I have to turn away, one out of five folks, I can’t refinance. Here are some examples:

1)  3 out of 10 clients that have a loan owned by Fannie Mae or Freddie Mac, that should all qualify under HARP 2, are denied. Not because of credit or income and no one can explain why?

2)  There are mortgages that folks have that are not owned by Fannie or Freddie, that have rates between 6-8%. That pay their payments perfectly, that have good credit and income, but they owe more than the value of the property. There is no mortgage program for them.

3)  There are many folks that have FHA loans that were done after June 2009, that have interest rates between 5 and 7%, that owe more than the value of the property, that we just can’t help.

We keep seeing that refinance applications are dropping, these are some of the reasons.

Mortgage Refinancing Levels Held Back by Strict Underwriting

By: The Niche Report

 

http://www.thenichereport.com/articles/mortgage-refinancing-levels-held-back-by-strict-underwriting/

The strict credit and qualification guidelines that mortgage underwriters are directed to enforce on behalf of their banks have crushed the hopes of many American homeowners in the last few years. Should this rigid lending environment continue, mortgage lenders could find themselves without any borrowers left to refinance.

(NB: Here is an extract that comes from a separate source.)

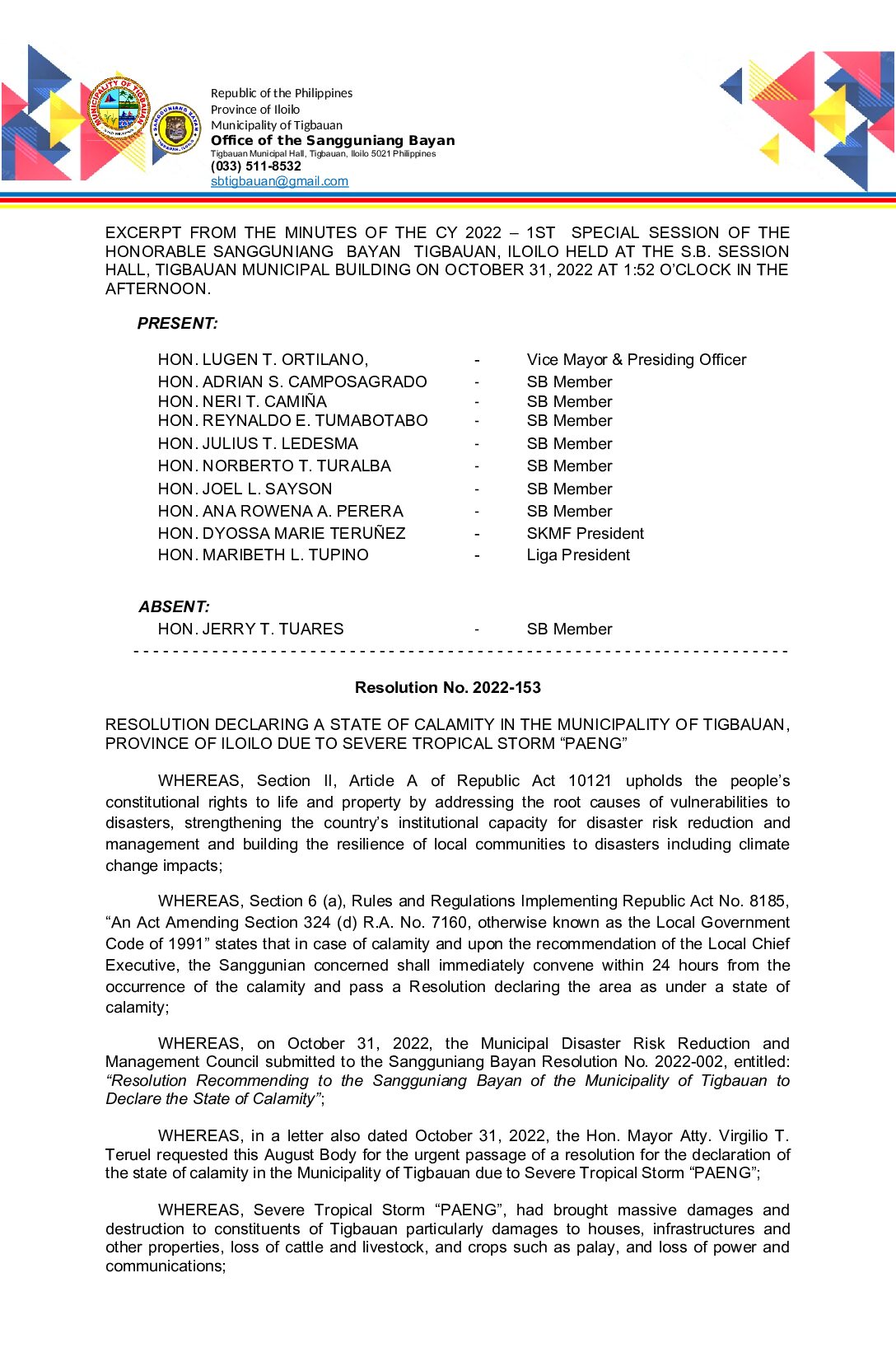 Resolution No. 2022-153 – RESOLUTION DECLARING A STATE OF CALAMITY IN THE MUNICIPALITY OF TIGBAUAN, PROVINCE OF ILOILO DUE TO SEVERE TROPICAL STORM “PAENG”

Mortgage interest rates in the United States are currently at levels that were last seen when Dwight D. Eisenhower was President and Elvis Presley was just starting his recording career. The average Annual Percentage Rate (APR) on the benchmark 30-year fixed mortgage is just a few basis points above 3.5 percent, and the 15-year fixed home loan is actually under 3 percent. Borrowers seeking to refinance their existing mortgages are well-aware of these record low rates, but few are able to take advantage.

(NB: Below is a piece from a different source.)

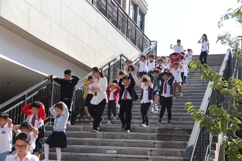 之后在凄厲的空襲警報(bào)聲中,大家立即抱頭蹲下或快速就近躲避,以防傷害。解除警報(bào)悠悠響起后,班級(jí)教師按照預(yù)定位置集中整隊(duì),清點(diǎn)學(xué)生人數(shù),匯報(bào)疏散情況,演練順利完成。

For major banks and small mortgage brokerages, refinancing is the only type of mortgage activity taking place in their offices. Mortgage interest rates have been steadily dropping since the global financial crisis hit its peak with the fall of Lehman Brother on Wall Street back in 2008. Loan originators have looked at millions of applications for refinancing since then, but only a fraction have made it to the closing table.

Lenders are now concerned that they may actually be running out of qualified applicants to refinance. According to a recent report from the Mortgage Bankers Association, the early days of July marked the third week in a row that refinance applications have fallen at banks and lending shops around the country. Considering the ultra-low rates, this drop in applications does not bode well for the market.

More Legislative Action Needed

The sharp dip in refinancing activity comes in the wake of two government initiatives to shore up the ailing American housing market. In an attempt to keep the national economy afloat, government-sponsored mortgage investors Fannie Mae and Freddie Mac made changes to the Home Affordable Refinance Program (HARP), a federal initiative to save troubled borrowers from foreclosure. The Federal Housing Administration (FHA) also pitched in by allowing a streamline refinance process for existing FHA mortgages.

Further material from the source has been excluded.